給料も「この人の能力ならば、一流企業だったらどれくらい支払はなければならないか」が基準です。弁当屋ですが年収一〇〇〇万円台の人間もいます。人材をうまく安く使う気はありません。弁当屋といえどもプライドと自信を持って仕事をしていますし、従業員にもそうあって欲しいと望んでいるからです。弁当で社会貢献し、大企業に羨ましがられる「華麗なる中小企業」が会社の理念です。
‐‐これからの抱負をお聞かせ下さい。
菅原 来春は新卒六人の採用が決定しています。体力に自信のある体育会系です。優秀な人間もたくさん育っています。そこで、若い優秀な人たちを独立させたい。首都圏でどの地域が一番まずい弁当を食べているのか調査中です。味と価格には絶対の自信がありますからね。若い人のベンチャー企業を興したいという夢を応援してあげたいというのが私の夢です。

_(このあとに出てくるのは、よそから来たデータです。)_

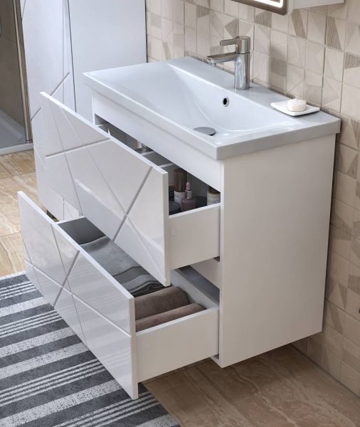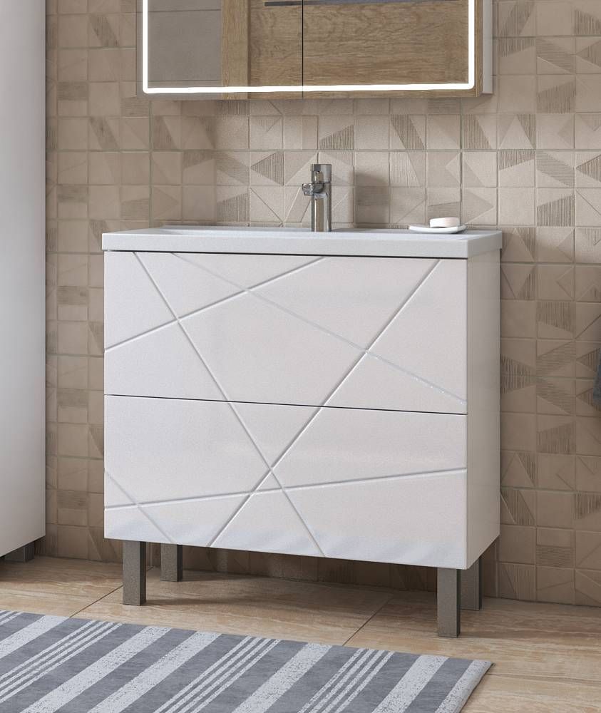 Напольная тумба. 2 ящика; опоры квадратные регулируемые.Специальный сифон Vigo в комплекте. Материл корпуса тумбы: влагостойкая ЛДСПМатериал фасадов: МДФПокрытие: пленка ПВХЯщики: направляющие полного выдвижения, механизм push-to-open
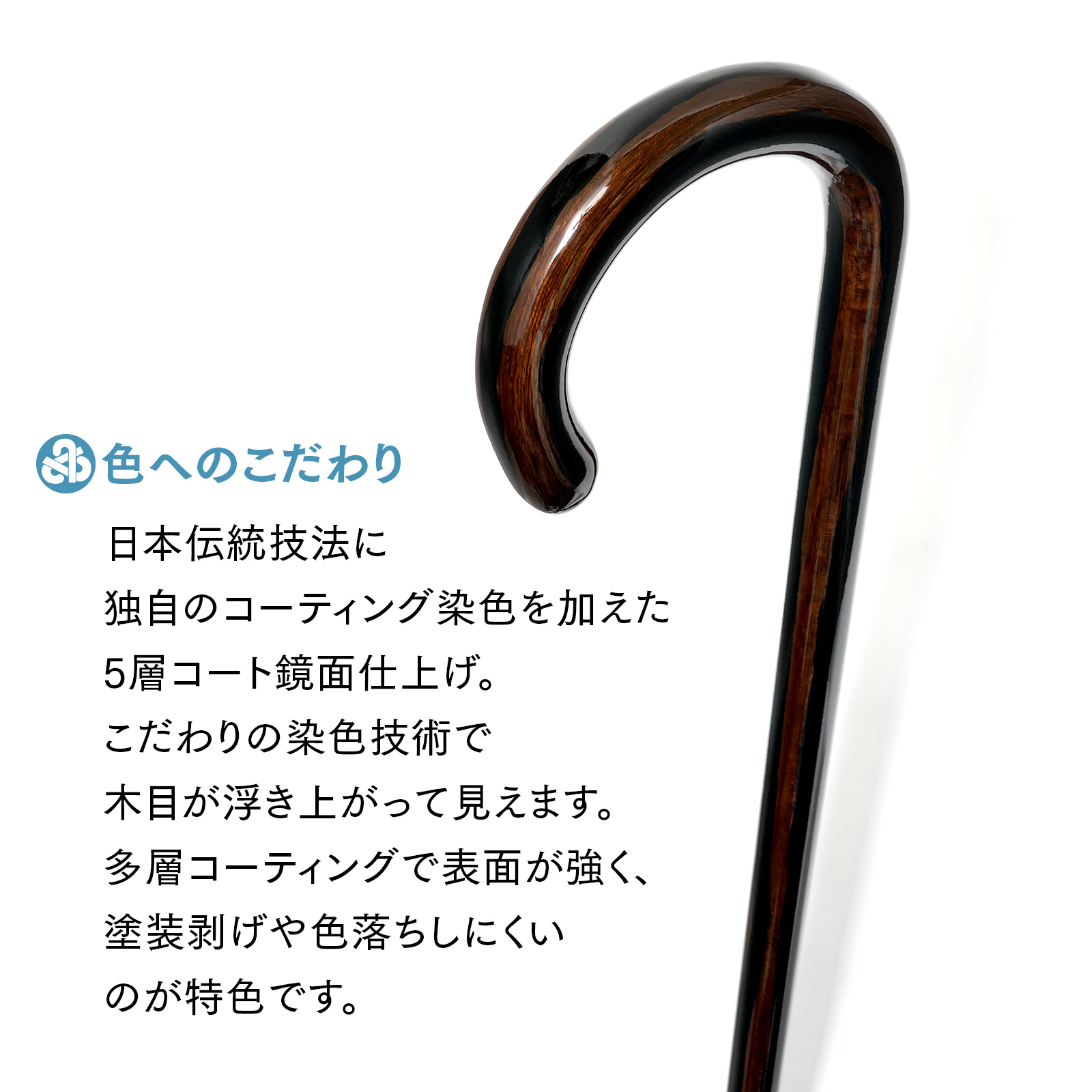 ファッションステッキとしても重宝されていた「大曲」スタイルのステッキに現代の技術を加え、色・木目を綺麗に表現しました。

秋には強力な炊飯工場が稼働します。これで炊き込みご飯など、メニューのバラエティー化を一層進めることができ差別化を推進していきます。私どもに営業マンは一人もいません。お客様の手元に届く弁当が最大の営業マンです。一つ一つ気を抜くことなくサラリーマンの力となる弁当を作るために努力を続けたいと思います。
‐‐ありがとうございました。
社長には、菅原やすのり氏と言う建築工学博士でありながら世界中を旅して歌でメッセージを伝える歌手であり、ラジオのパーソナリティーも務めているという弟がいらっしゃる。やすのり氏は「都市はアスファルトだらけで自然に逆らっている、アジアの労働力を蝕んでいるのは日本」と言うように日本の行く末を憂えている。この弟さんに社長は「兄は金儲けがうまい」と非難されている。そのためだけではないが「兄として恥ずかしくない人生を送りたい」と企業家でありながらも社会性を第一にした経営方針を旨とする。しかし、「ガキ大将をやってないと人は使えない」と親分肌が見えかくれするとても素直な経営者である。